Dataset items:
>>>

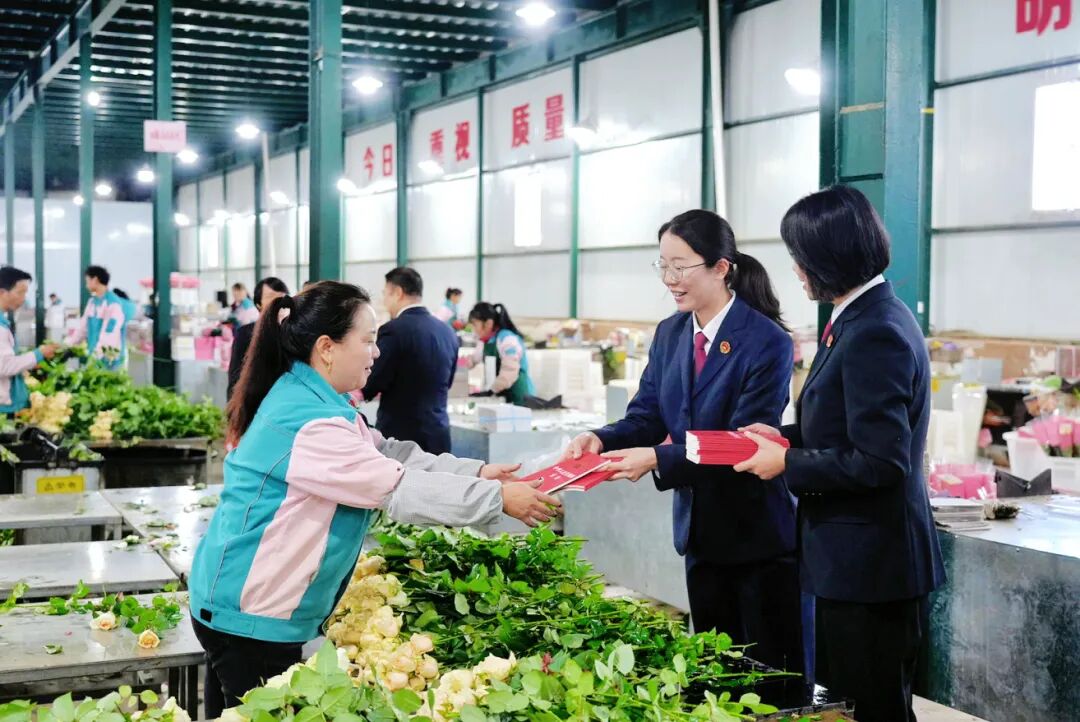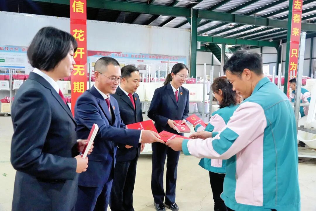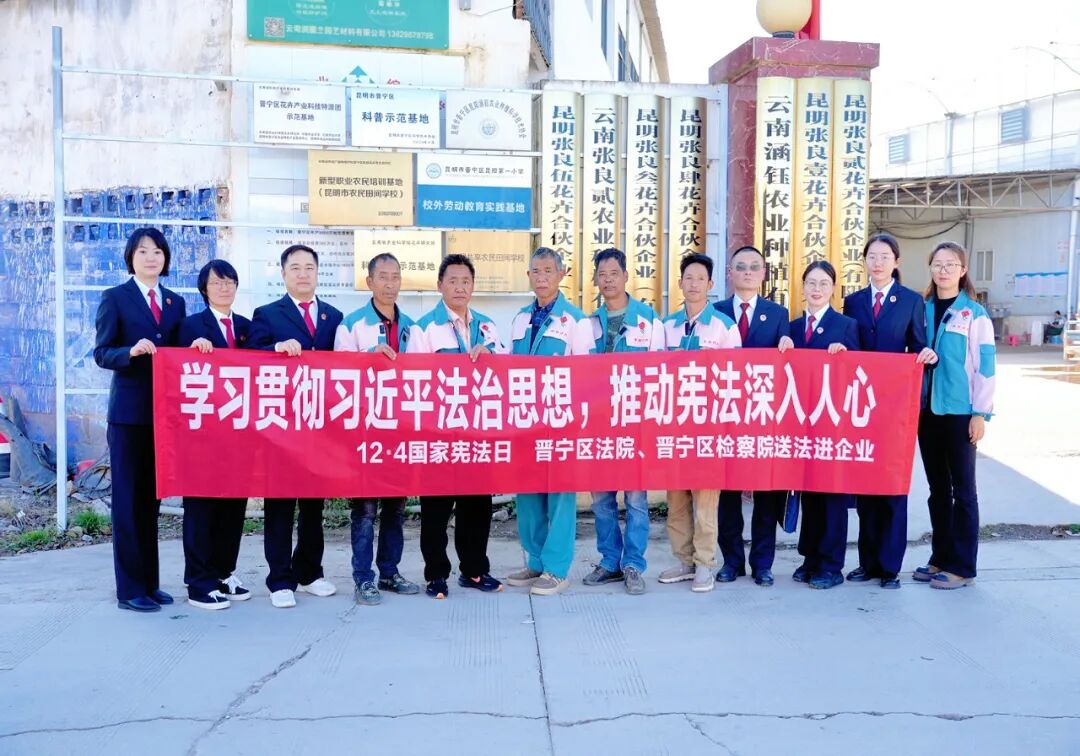 12月4日,在晋宁区一家花卉企业,晋宁区人民法院、区人民检察院工作人员以宪法宣传周为契机,为企业员工讲解宪法知识。
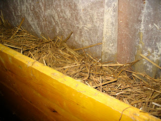 "Cozer" rolos de canas onde ficam as postas de madeira e enchimos com palha antes rebocar
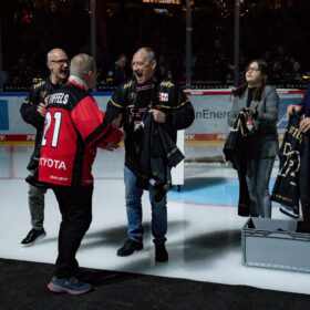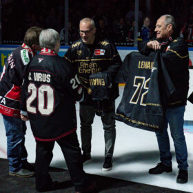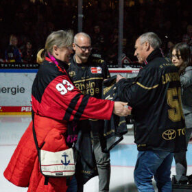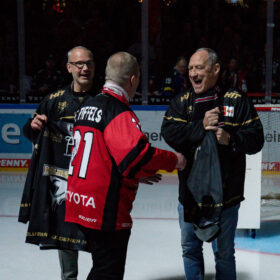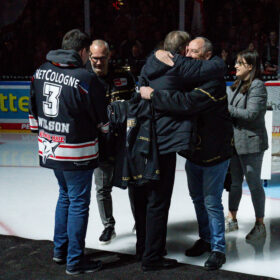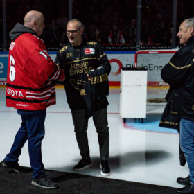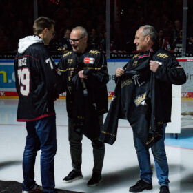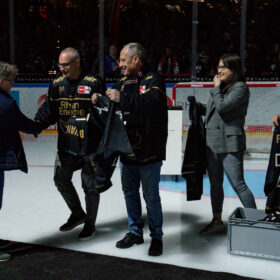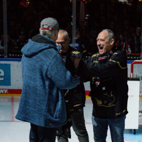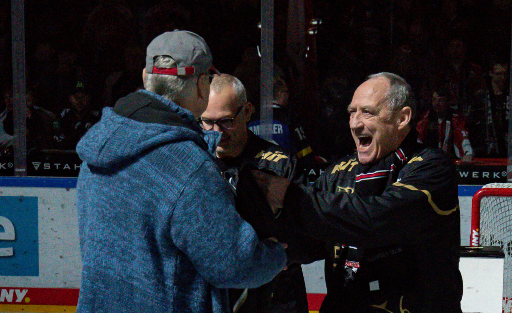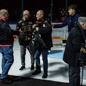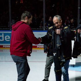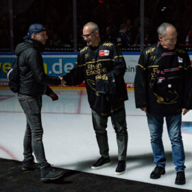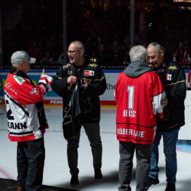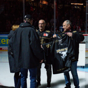 Der „Club der Goldenen Haie“ ist um 38 Fans angewachsen! Vor dem sonntägigen Heimspiel wurden die treusten der treuen Haie-Fans auf dem Eis geehrt.
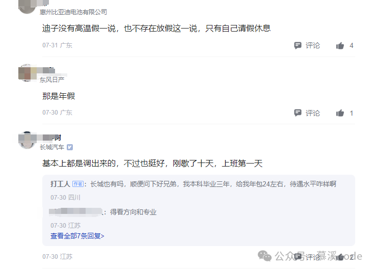 一位比亚迪的员工留言说,他们公司“没有高温假一说,也不存在放假这一说,只有自己请假休息”。另一位奇瑞的员工也表示,他们公司“只有战高温”。
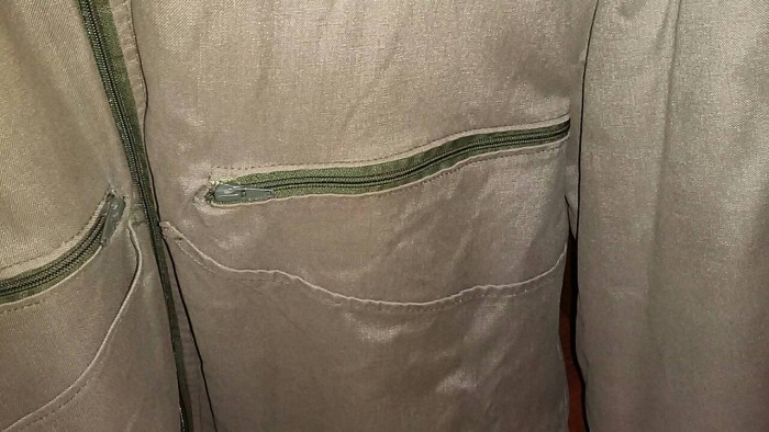Куртка охотничья демисезонная. С каждой стороны по одному насыпному карману и одному закрытому непромокаемому. Один нагрудный. На спине карман/рюкзак. Материал - брезент с пропиткой. Не шуршит, не промокает. Утеплитель-тонкий слой синтепона. Комфортно до -5С. Размер 50-52 (L). Отличное состояние. +375 двадцать девять 65699семьпять

<<<

> **What this task involves**:
Write out every entry exactly. Pictures do not belong in the copy.

> **Expected answer**:
 12月4日,在晋宁区一家花卉企业,晋宁区人民法院、区人民检察院工作人员以宪法宣传周为契机,为企业员工讲解宪法知识。
 "Cozer" rolos de canas onde ficam as postas de madeira e enchimos com palha antes rebocar
 Der „Club der Goldenen Haie“ ist um 38 Fans angewachsen! Vor dem sonntägigen Heimspiel wurden die treusten der treuen Haie-Fans auf dem Eis geehrt.
 一位比亚迪的员工留言说,他们公司“没有高温假一说,也不存在放假这一说,只有自己请假休息”。另一位奇瑞的员工也表示,他们公司“只有战高温”。
Куртка охотничья демисезонная. С каждой стороны по одному насыпному карману и одному закрытому непромокаемому. Один нагрудный. На спине карман/рюкзак. Материал - брезент с пропиткой. Не шуршит, не промокает. Утеплитель-тонкий слой синтепона. Комфортно до -5С. Размер 50-52 (L). Отличное состояние. +375 двадцать девять 65699семьпять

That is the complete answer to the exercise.